Tras tres días de juicio, Cipriano creía que las paredes de aquella sala de la basílica Constantiniana jamás conseguirían desprenderse del hediondo olor a putrefacción por muchos siglos que lograra perdurar la institución. Pero, ¿subsistiría la Iglesia católica por mucho más tiempo? Cirpiano pensaba que, de ese modo, no. 

          Durante las últimas jornadas, el papa Esteban VI, títere del emperador Lamberto Espoleto y su madre Agiltrudis, había ordenado exhumar el cadáver de Formoso, uno de sus predecesores en la silla de Pedro, para juzgarlo por una serie de supuestos pecados entre los que se encontraba, principalmente, el haberse dejado elegir papa cuando ya era cabeza de otra diócesis. Sin embargo, el verdadero motivo por el que el anterior pontífice se sentaba en el banquillo, era haber apoyado la invasión del rey germano, Arnulfo, para acabar con la tiranía de los Espoleto y haberlo coronado, posteriormente, emperador en lugar de Lamberto. Pero los acontecimientos dieron un giro de ciento ochenta grados. Arnulfo se vio abligado a abandonar la península itálica a causa de una parálisis provocada por su reumatismo y Formoso había muerto, hechos que aprovecharon los Espoleto para volver al poder. Y allí, en medio de ese enorme caos, se encontraba Cipriano, presente en aquel indigno acto de venganza. El joven clérigo trataba de aguantar las náuseas mientras se sujetaba con fuerza al atril para no desmayarse durante el proceso. El sudor se deslizaba por su rostro en cantidades ingentes a causa del esfuerzo que estaba realizando. Debía concentrarse en su labor, pero el fétido hedor que emanaba aquél a quien debía defender, le imposibilitaba llevar a cabo la función que el propio Esteban VI le había encomendado. 
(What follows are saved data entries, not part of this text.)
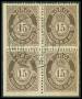 1910. 15 øre brun i 4-blok utakket 3-sider.
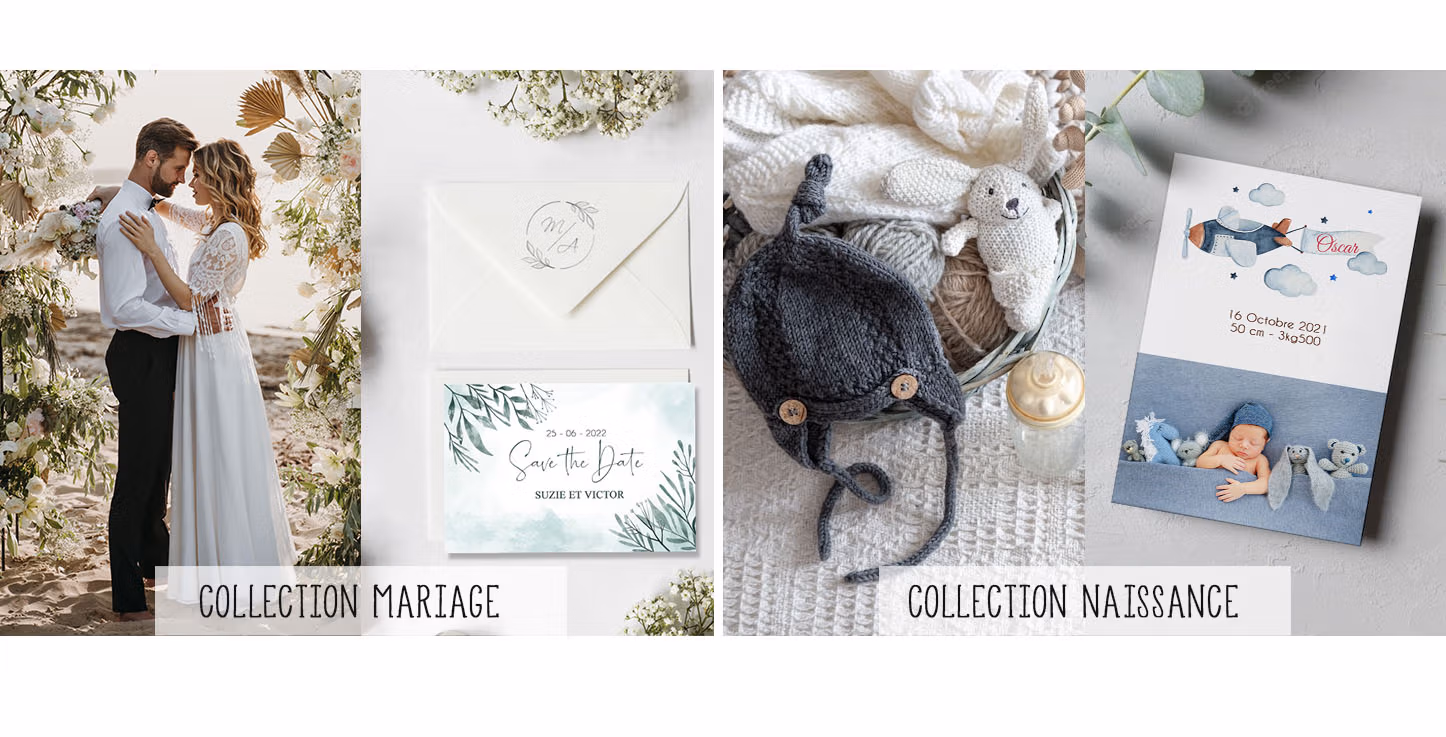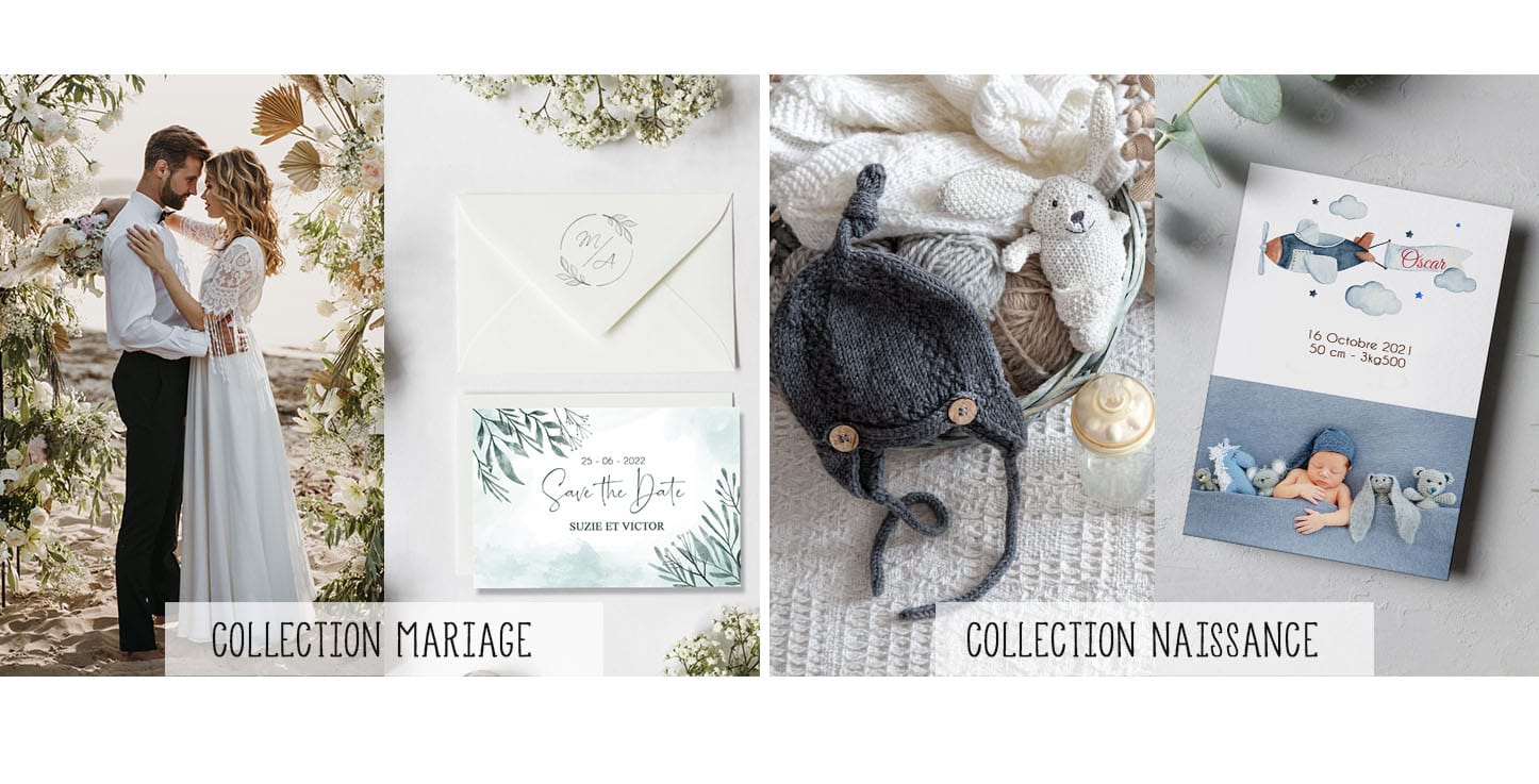 Faites part avec originalité avec nos collections pour toutes les occasions. Que ce soit pour annoncer la naissance de votre enfant, la célébration de votre mariage, un baptême ou encore un anniversaire, vous trouverez votre bonheur.
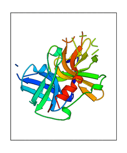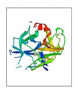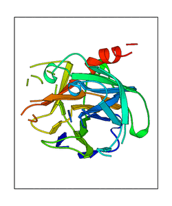 These views are prepared from three orthologuous viewpoints with MolScript. Secondary structures are determined from the C-alpha atom positions of your protein (N-terminal blue, C-terminal red).
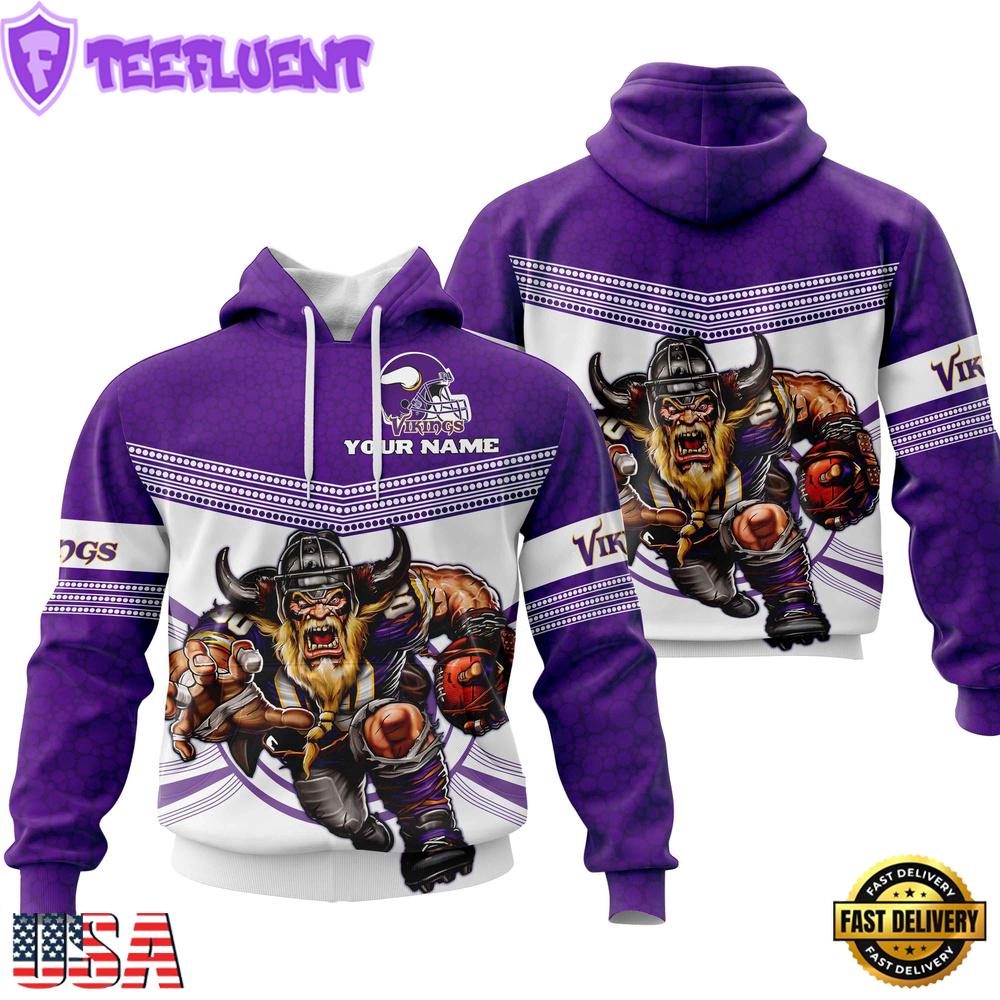 NFL Custom NameMinnesota Vikings Mascot All Over Print Hoodie Shirt , NFL Unisex Hoodies

          A su izquierda se hallaba el cuerpo de Formoso. Muerto hacía nueve meses, su cadáver se encontraba en un avanzado estado de descomposición. A pesar de estar ataviado con las vestimentas y ornamentos papales, mirarle resultaba aterrador. Los pocos jirones de piel que le cubrían el cráneo y las cuencas vacías de sus ojos que miraban fijamente y sin descanso a toda la concurrencia, provocaban fuertes escalofríos de pavor a los allí presentes. Cipriano sabía que aquella imagen le acompañaría de por vida en sus pesadillas.

          —¡El acusado ha sido encontrado culpable! Su ambición desmedida por el papado debe ser castigada —exclamó Esteban con rotundidad, señalando el cadáver de Formoso.

           <<Al fin>>, se dijo. Había deseado escuchar la sentencia, fuera cual fuese, desde que se inició el proceso. Ahora podría salir de allí y llenar sus pulmones de aire puro. Pero lo que presenció a continuación estuvo a punto de acabar con la poca entereza que le quedaba. 

           Siguiendo órdenes del papa Esteban, dos hombres se acercaron al cadáver de Formoso y, sin ningún reparo, comenzaron a arrancar con violencia las ropas que cubrían el esquelético cuerpo. Endebles tiras de piel que se habían adherido al albo, se desprendían de la podrida carne de aquél que hubo regido los designios de la toda la cristiandad. El cilicio de hierro acabado en puntas que el muerto llevó en vida ceñido a la cintura, le desgarró parte del abdomen cuando éste se quedó enganchado a la túnica con la que previamente le habían cubierto. Pero la humillación alcanzó cotas insospechadas en el momento en que uno de los esbirros de Esteban seccionó los dedos pulgar, índice y corazón con los que Formoso a tantos bendijo. 

            Cipriano, entelerido, apartó la mirada del cuerpo destrozado. Las arcadas que súbitamente ahogaron su boca, le dieron a entender que esta vez no podría evitar el vómito, pero en aquel instante sus ojos se clavaron en los de Agiltrudis. La madre del emperador sonreía bajo un fino pañuelo de seda con el que pretendía, inútilmente, evitar el olor. Emperador y madre se levantaron satisfechos de sus asientos y se marcharon lentamente. No les era necesario quedarse para presenciar el castigo, sabían los escarnios que sufriría el cuerpo de Formoso, ellos mismos los habían diseñado junto a Esteban. Ahora, ya tenían su venganza.
          
          El joven diácono abandonó la basílica abatido. Sin embargo, lo que de verdad le consumía por dentro era haber visto que la institución a la que había entregado su vida y en la que tanto creía, se prestara a espectáculos tan crueles y truculentos como del que él había formado parte. <<Nunca más>>.